Hostile vehicle mitigation (HVM) is a generic term that covers a suite of anti-terrorist protective measures that are often employed around buildings or publicly accessible spaces/venues of particular significance. The design of these various vehicle security barriers and landscape treatments came about as security authorities across the globe sought to mitigate the effects of vehicle borne improvised explosive devices (VBIED). The sorts of places that warrant consideration as potential terrorist targets in need of HVM include: government buildings, airports, large railway stations, sports venues, concentrations of entertainment and crowded night time economy, etc.

Usage
Common types of HVM include locally manufactured barrier systems such as the Jersey Barrier and Bremer T Wall; as well as propriety crash-tested and engineered vehicle bollard systems designed to resist the effects of a vehicle ram attack. HVM can also include adapted hard landscape features, resistive street furniture, sculpture, planters and significant level changes; with a little imagination HVM may be disguised inside architectural features in a street scene.

HVM when installed and fixed correctly is designed to resist hostile vehicle penetration of certain categories of vehicle moving at a range of speeds, these vehicle security barriers undergo various destructive tests carried out by accredited test establishments. The three standards that are generally quoted when specifying HVM performance are:

 ISO IWA 14-1 - an international working agreement
 BSI PAS 68 - the UK standard
 ASTM F2656-07 - the US standard.

These standards set roughly similar criteria for destructive impact testing, although there are differences between the three and vehicle geometries in particular are at the root of some of these differences. HVM barrier selection will be conditioned by a hostile vehicle dynamics study carried out by a suitably qualified security specialist.

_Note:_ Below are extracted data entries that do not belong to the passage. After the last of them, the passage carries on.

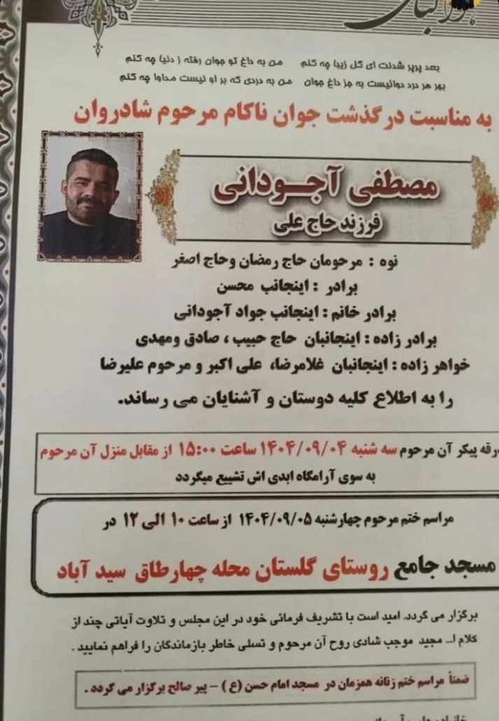 تصویر زیر آگهی ترحیم مصطفی آجودانی است:
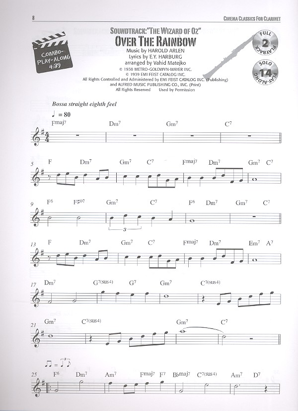 Matejko, Vahid, arr. As Time goes by (from Casablanc) Ghostbusters Gonna fly now (from Rocky) Hedwig's Theme (from Harry Potter) Hogwart's Hymn (from Harry potter) I don't want to miss a Thing (from Armageddon) In Dreams (from The Lord of the Rings) James Bond Theme Miss Marple's Theme Over the Rainbow (from The Wizard of Oz) Pink Panther Star Wars
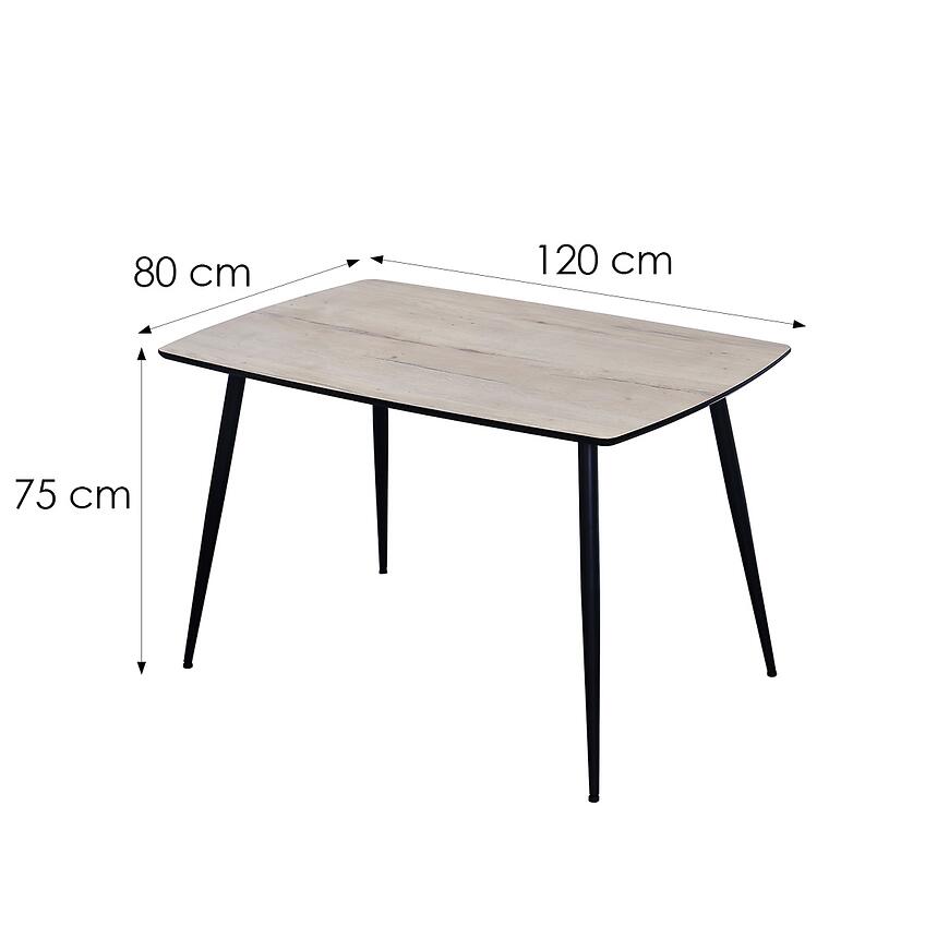 Dzięki wymiarom 120×80 cm blat oferuje wystarczającą przestrzeń do spożywania posiłków, pracy lub codziennego użytkowania. Wysokość 75 cm zapewnia wygodę przy standardowych krzesłach, umożliwiając komfortowe siedzenie i użytkowanie stołu.
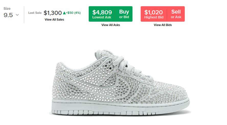 目前两款配色的市价均在 $1250 美元左右,更有部分女码甚至达到了 $2500 美元的高价。

Ideally a protective layer of HVM  should surround the building or place being protected and this HVM protection line should be stood off from the building facade or places expected to be crowded. This protective standoff distance is critical in the case of VBIEDs as 'every metre counts' and often distance is one of the best ways to achieve explosive blast effects mitigation.

More recently the focus of HVM has expanded to reduce the potential for vehicle ram attacks directed at crowded events and places. Recent non-VBIED (i.e. vehicle as a weapon) attacks against pedestrians include:

 The 2016 Nice truck attack
 The 2016 Ohio State University attack 
 The 2016 Berlin truck attack
 The 2017 Jerusalem attack 
 The January 2017 Melbourne car attack
 The 2017 Sandy, Utah attack
 The 2017 Stockholm truck attack
 The 2017 Westminster attack
 The 2017 London Bridge attack
 The 2017 Finsbury Park attack

HVM can also be used to protect against ram raids which are invariably criminal attacks against high net-worth targets such as jewelers, cash and valuables in transit depots, bullion storage facilities, art galleries, museums, 'high end' fashion stores, etc.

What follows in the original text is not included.